Exercise instructions:
In the records below, the lines between the one holding "2月18日,游客在位于海南省" and the one holding "Präge Ak Mädchen-Portrait, Behalte", inclusive, are to be transcribed exactly; no pictures are to be included.

Recorded information:
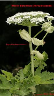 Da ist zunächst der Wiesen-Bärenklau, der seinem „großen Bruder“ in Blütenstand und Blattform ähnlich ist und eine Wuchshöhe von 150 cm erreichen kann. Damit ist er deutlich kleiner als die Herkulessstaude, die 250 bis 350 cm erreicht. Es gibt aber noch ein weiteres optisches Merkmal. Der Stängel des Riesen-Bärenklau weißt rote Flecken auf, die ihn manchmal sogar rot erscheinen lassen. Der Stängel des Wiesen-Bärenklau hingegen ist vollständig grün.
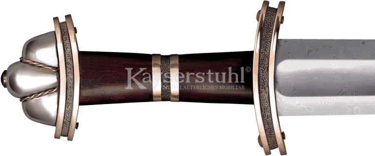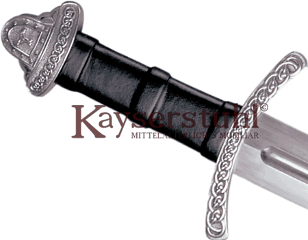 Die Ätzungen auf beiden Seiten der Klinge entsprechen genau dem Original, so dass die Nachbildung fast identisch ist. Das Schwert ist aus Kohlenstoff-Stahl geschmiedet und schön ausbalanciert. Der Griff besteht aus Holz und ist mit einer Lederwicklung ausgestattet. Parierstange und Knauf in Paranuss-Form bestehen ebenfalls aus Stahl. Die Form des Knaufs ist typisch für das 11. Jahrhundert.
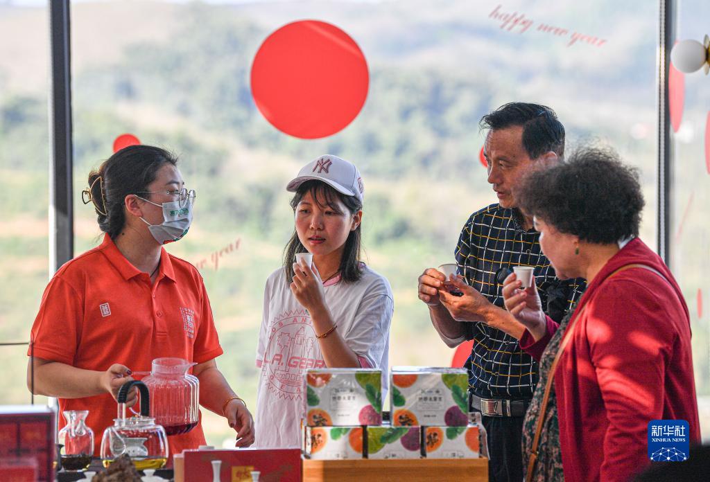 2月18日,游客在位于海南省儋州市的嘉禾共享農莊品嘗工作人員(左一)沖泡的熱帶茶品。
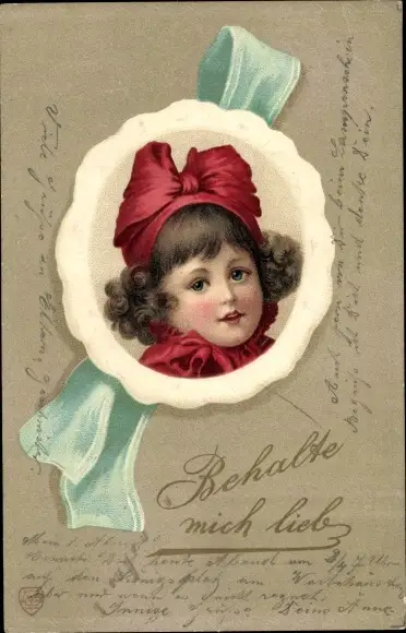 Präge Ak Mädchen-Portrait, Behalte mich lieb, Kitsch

* * *

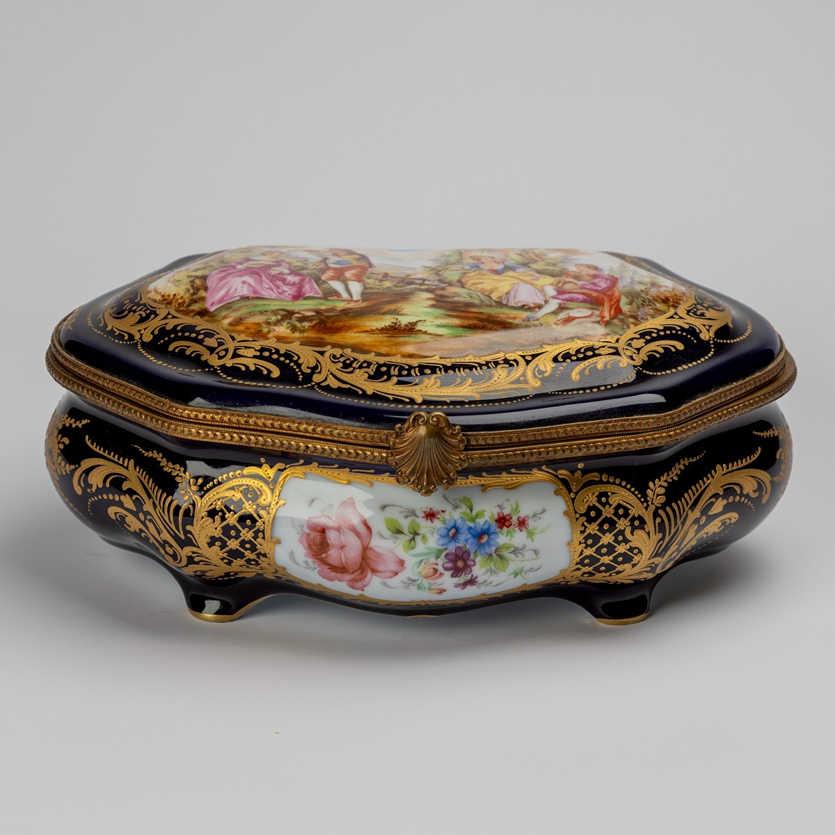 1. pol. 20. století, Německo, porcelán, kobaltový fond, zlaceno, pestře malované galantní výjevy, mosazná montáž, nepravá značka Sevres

...

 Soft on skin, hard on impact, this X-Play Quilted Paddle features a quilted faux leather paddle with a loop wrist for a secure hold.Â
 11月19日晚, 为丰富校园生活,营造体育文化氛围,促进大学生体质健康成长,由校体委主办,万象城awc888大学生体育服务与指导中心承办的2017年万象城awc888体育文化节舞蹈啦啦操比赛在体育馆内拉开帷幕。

Output below:
 2月18日,游客在位于海南省儋州市的嘉禾共享農莊品嘗工作人員(左一)沖泡的熱帶茶品。
 Präge Ak Mädchen-Portrait, Behalte mich lieb, Kitsch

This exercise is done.